Directions for this task: Whatever pictures the entries hold, omit them, and output exactly the lines from the one containing "Střešní expediční roleta" through the final line.

Available records:
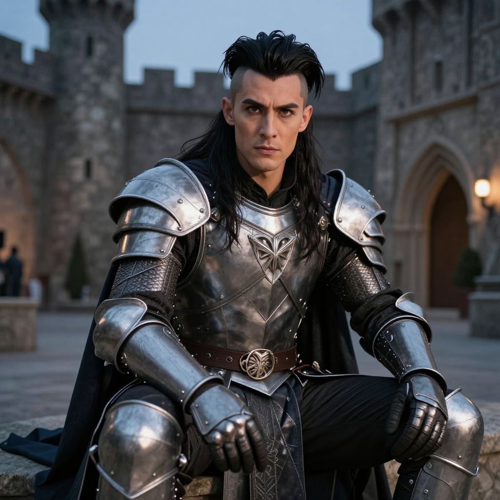 A strong, athletic male with long, dark hair styled with a high-volume undercut and side layers, wearing a gothic-themed fantasy costume with silver armor and a flowing cape, sitting in a dimly lit medieval castle courtyard at twilight, realistic lighting, expressive face with a serious gaze
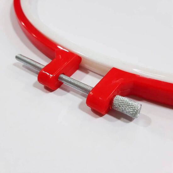- Закрепить ткань в пяльцах очень просто, для этого развинчиваем винт на раме, кладем ткань на белое кольцо, надеваем рамку на кольцо и стягиваем винт, попутно отрегулируем натяжение ткани.
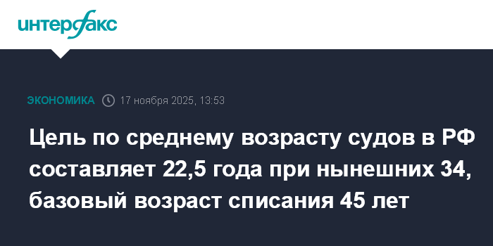 Цель по среднему возрасту судов в РФ составляет 22,5 года при нынешних 34, базовый возраст списания 45 лет
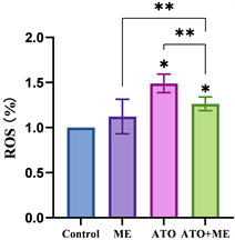 As shown in Figure 3(a), ATO exposure led to the accumulation of reactive oxygen species, but ME treatment facilitated the ATO-induced removal of ROS. Fluorescence quantitative results further showed that treatment with ATO and ATO + ME led to an 49% and 29% increase on ROS production in comparison to control cells (Figure 3(b)).
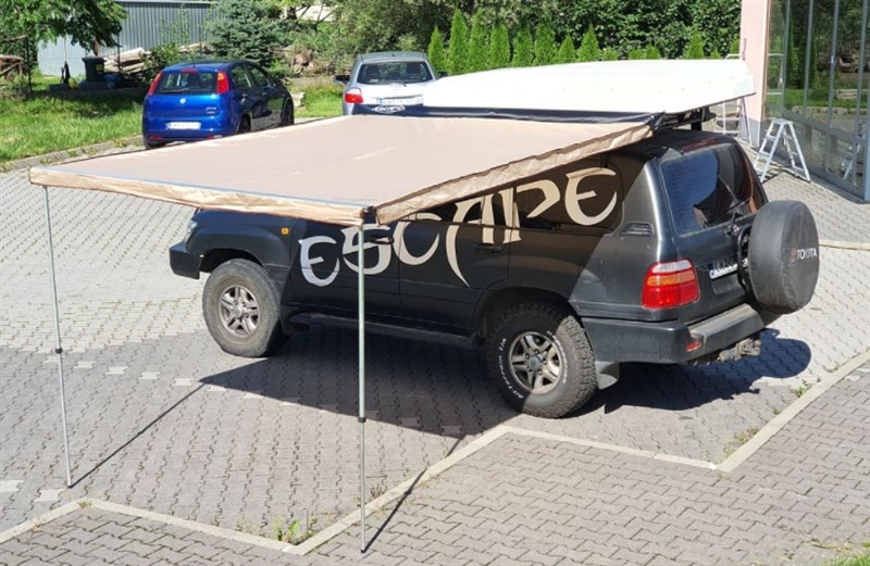 Střešní expediční roleta / markýza Escape4x4, rozměry 2 x 2.5m (2m na střeše vozu, 2.5 m rozložení do prostoru)
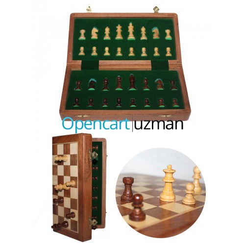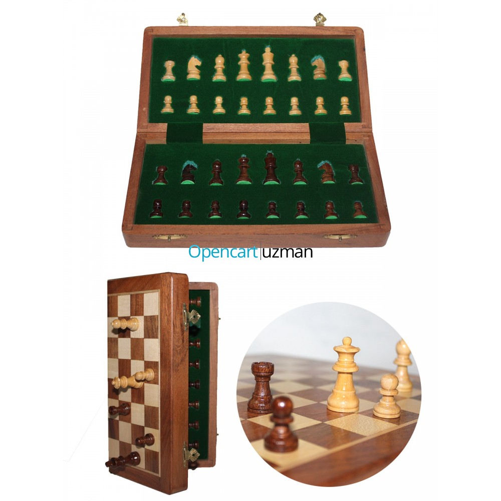 Mıknatıs Taşlı Ahşap Katlanabilir Kutulu Satranç Oyunu 30 Cm
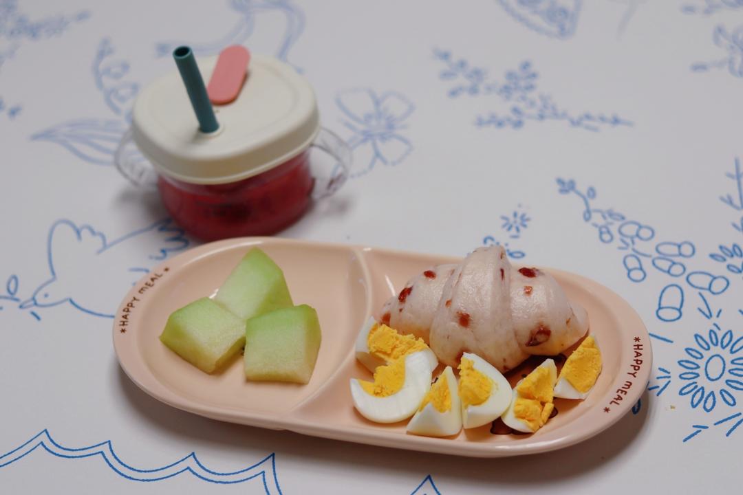 蔓越莓馒头卷,鸡蛋,蜜瓜,石榴汁
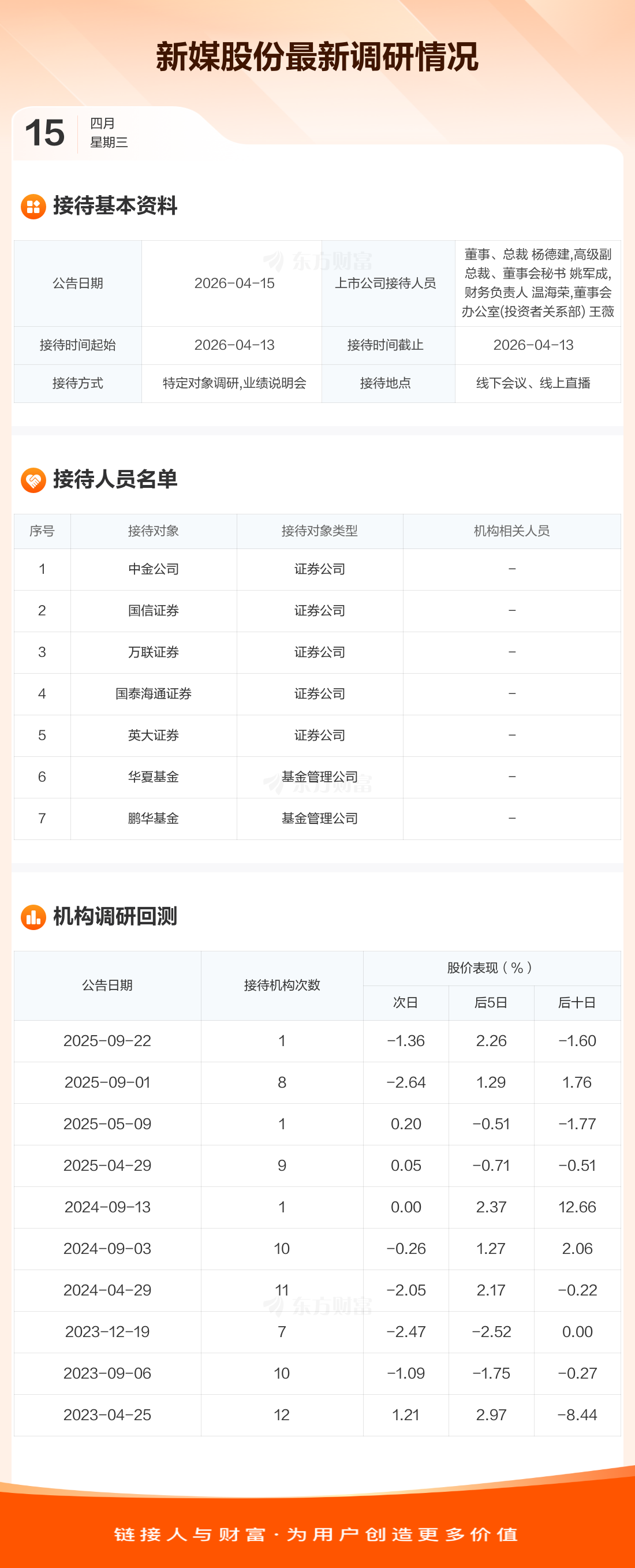 新媒股份4月15日公告称,4月13日接待中金公司等7家机构调研。接待人员包括董事、总裁 杨德建,高级副总裁、董事会秘书 姚军成,财务负责人 温海荣,董事会办公室(投资者关系部) 王薇。

Result of this exercise:
 Střešní expediční roleta / markýza Escape4x4, rozměry 2 x 2.5m (2m na střeše vozu, 2.5 m rozložení do prostoru)
 Mıknatıs Taşlı Ahşap Katlanabilir Kutulu Satranç Oyunu 30 Cm
 蔓越莓馒头卷,鸡蛋,蜜瓜,石榴汁
 新媒股份4月15日公告称,4月13日接待中金公司等7家机构调研。接待人员包括董事、总裁 杨德建,高级副总裁、董事会秘书 姚军成,财务负责人 温海荣,董事会办公室(投资者关系部) 王薇。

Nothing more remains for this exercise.